I also tend to think that people who think divorce is easy (or an easy solution) are the ones who have not been through it or had the kind of marital troubles that might lead to divorce. Generally, you may feel like people are rushing off for a divorce without any effort to save the marriage first, but it's likely only because you have NO IDEA what the couple goes through behind closed doors. You're probably thinking "I never knew there was a problem with them" or "Why won't they work it out first?"

News Flash:
Most couples don't broadcast their personal lives.

When I left my ex (after being married a mere 7 months...seven looooong months of emotional abuse and neglect), I had to tell him to go and warn his parents about the fact that I was filing for divorce. His family...his mom and dad, had NO CLUE there was anything remotely wrong with us. They actually came over to my house the next night, after I told him I was filing for divorce, and CHASTIZED ME for being immature and "running away" from my responsibilities as a wife. I had to explain to them that their son was a tyrranical monster who systematically beat me down with his words and actions until I could love him no more. I explained we HAD gone to counseling (I dragged him there kicking and screaming. He refused to take counseling seriously, told me he didn't need since I was the one who thought there was a problem, not him, and he wouldn't help pay for it).
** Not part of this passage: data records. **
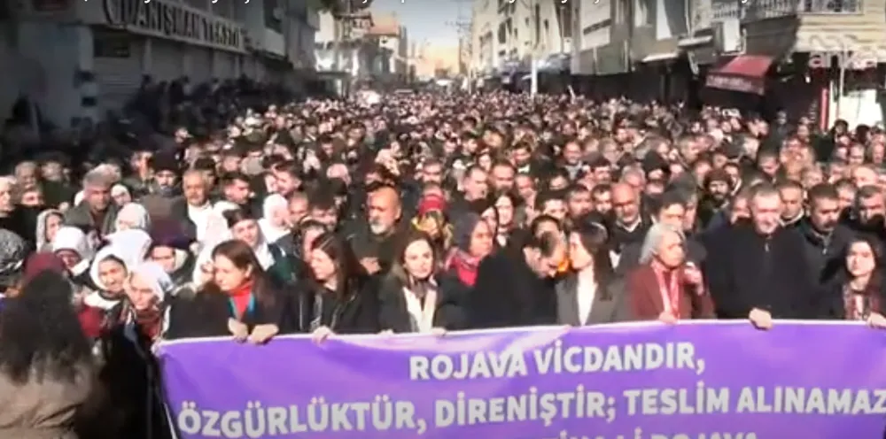 EMEK HABER - Kuzey ve Doğu Suriye’ye yönelik saldırılara karşı Mardin’in Nusaybin ilçesinde on binlerce kişi Kamışlo sınırına doğru yürüyüş gerçekleştirdi.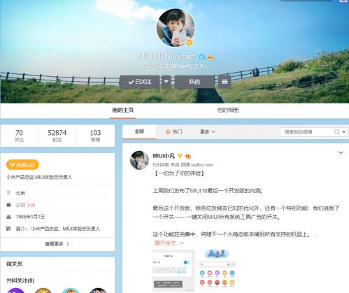 在最后一个MIUI10开发版中,“系统工具广告”一键开关功能也进入了外发公测版本,这也是此次MIUI10最后一波开发版升级中最重磅的功能。今天上午,小米互联网一部总经理金凡通过个人微博@MIUI小凡发布消息表示,“为了用户体验,MIUI10最后一个开发版内测,上线了一键关闭MIUI所有系统工具广告的开关。该功能会持续完善,将随下一个大稳定版本铺到所有支持的机型上。”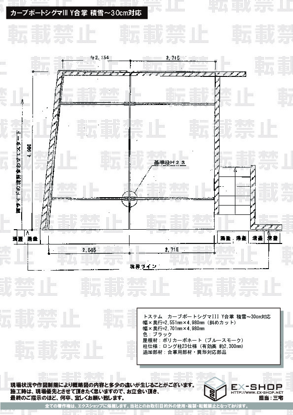 | 屋根高等 | ロング柱23仕様(有効高 約2,300mm) |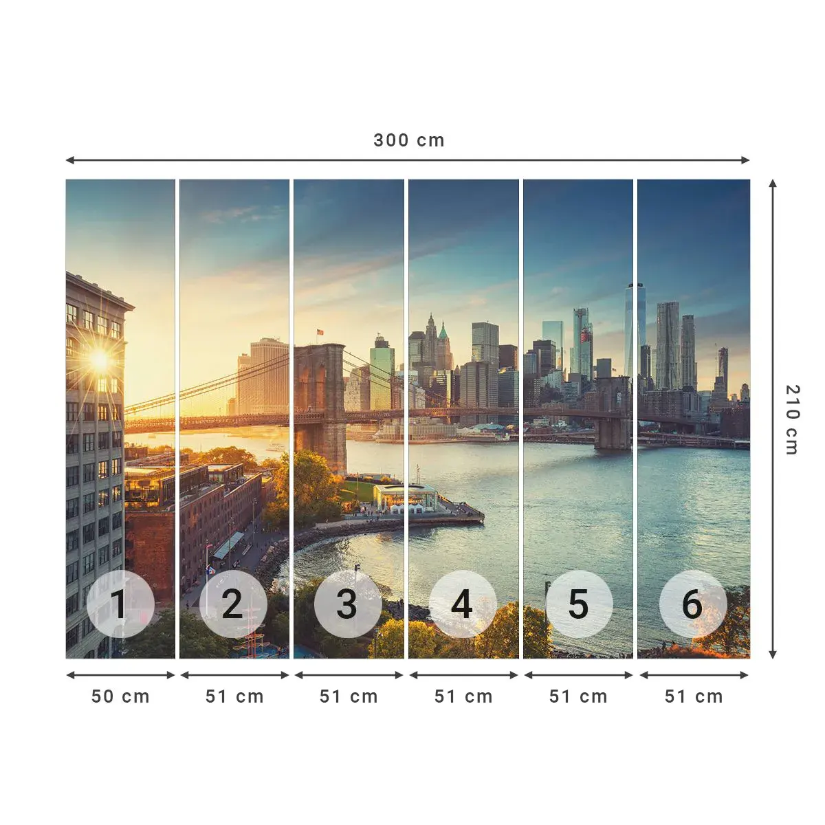 Samolepiaca Fototapeta Deluxe Sticker - Svitanie veľkomesta - New York, Mesto, Brooklynský most - 300x210 cm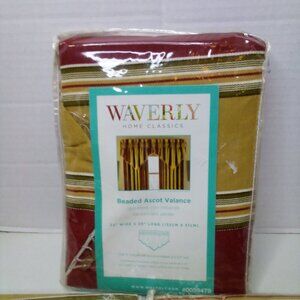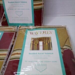 Waverly Home Classics Beaded Ascot Valance 52" x 20" Lot of 3 Gold Red Fringe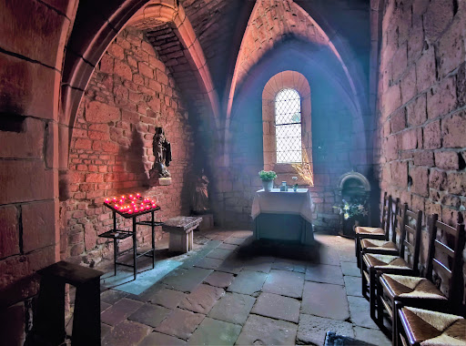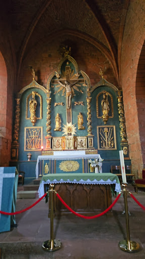 Emblème de cette ville rouge, cette église du 11ème et 12ème siècles, est le plus ancien monument de la cité. Agrandie au 15ème siècle, modifiée et fortifiée pendant les guerres de religion, l'architecture peut paraitre incohérente. Mais regarder les extérieurs et y entrer offrent un agréable voyage dans le temps, chaque siècle a laissé sa trace. Les catholiques et les protestants l'ont fréquenté ensembles, ce qui n'est pas commun, évitant de sanglantes confrontations dans une période mouvementée. La proximité de la chapelle des Pénitents Noirs, de La Halle (inscrite depuis 1987 par les M.H) la présence sur la place de la Croix de la Passion (inscrite depuis 1932 par les M.H.) font de cet endroit un lieu éminemment historique. Nos anciens étaient, comme partout en France, des maîtres bâtisseurs. Ici ils ont élevé des bâtiments de grès rougi par l'oxyde de fer sur un sol calcaire. Collonges la rouge est située tout près d'une faille géologique qui sépare les deux...

So remember...you may think you know everything about that other couple who suddenly announces their splitting. But you don't know jack about squat.

Disclaimer: That is not to say that there aren't cases where people walk away for no reason.

How long did you date? Did he ever do this when you were dating?
 

NO.

It is WAY to easy to get married. Any ol' fool can rush into it.

Getting divorce is messy,complicated, expensive and very difficult.

I agree with this. There is so much negativity associated with divorce--it is not easy. I do think that a lot of couples don't communicate well and they just get tired of the familiarity. Habits that were "cute" early in the marriage grate on the nerves aft 5 or 15 or 25 years. Couple that with the middle age crises that both men AND women experience in their 40s & 50s, physical changes, health problems, and general re-evaluation of their lives and a lot of people just want to start over. You're right, of course. The grass is not greener and I think if people realized how hard it is to cope, to support yourself, to raise children, and enter new relationships after divorce they might be willing to give it the old college try. You absolutely CAN fall back in love with your spouse if both of you are willing to work at it. It's all about committment.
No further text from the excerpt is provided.